Think for yourself – Work your ideas, not others

Today, I had a discussion with a very bright individual who is seeking new office quarters. He was having difficulty with the math, so he thought. He was seeking to understand the interplay between basic rent, common area charges (charges for maintenance, taxes, etc. that the landlord assesses at the end of each lease year to cover the cost of operating the building, paid pro rata by each tenant), and his actual cost of occupancy (total actual rent!).

I suggested that he walk away from this bottom down thinking. Instead, I suggested he look at the situation bottom up, and get his real estate broker involved to earn his keep.

First, figure out what you want to pay for monthly and/or annual rent. You can do this in a number of different ways. You can say that historically I’ve earned X% profit on Y number of revenue dollars; when I move into new quarters, I will earn more revenue because (better facilities, closer to prospective clients, larger space to hire more staff, etc.) and therefore, with the same percentage for occupancy cost, I can pay more …. and that number is $X.

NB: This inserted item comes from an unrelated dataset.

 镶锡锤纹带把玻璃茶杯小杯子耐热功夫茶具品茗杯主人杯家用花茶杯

Or you can say my revenue is likely to stay the same even after the move (or I’m not sure and I want to be conservative) …  and don’t want to pay more than the same rent I’m paying now. That number is $X.

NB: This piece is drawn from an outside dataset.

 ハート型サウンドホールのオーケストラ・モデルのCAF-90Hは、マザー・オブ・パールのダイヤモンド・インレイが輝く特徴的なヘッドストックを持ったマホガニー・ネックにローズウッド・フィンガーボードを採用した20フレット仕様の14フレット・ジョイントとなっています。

With that number in mind, tell your broker to find you the space you require (with the specifications you want) for that amount. Don’t worry what words are used, whether base rent or common area charges, etc. The lease contract must state that the maximum annual rent will be $X.

If the broker says that you can find plenty of space for that amount, great; if he says you’re crazy, there is no space for that amount, then you have choices to make: Work harder, work smarter to earn more revenue/profit to pay the higher rent, reduce your profit and take-home pay, or join forces with another to share the space and cost of the space.

But, don’t let others dictate how you should think. Don’t let the system force you into a thinking pattern that will confuse you or prevent you from knowing what your cost of operation will be.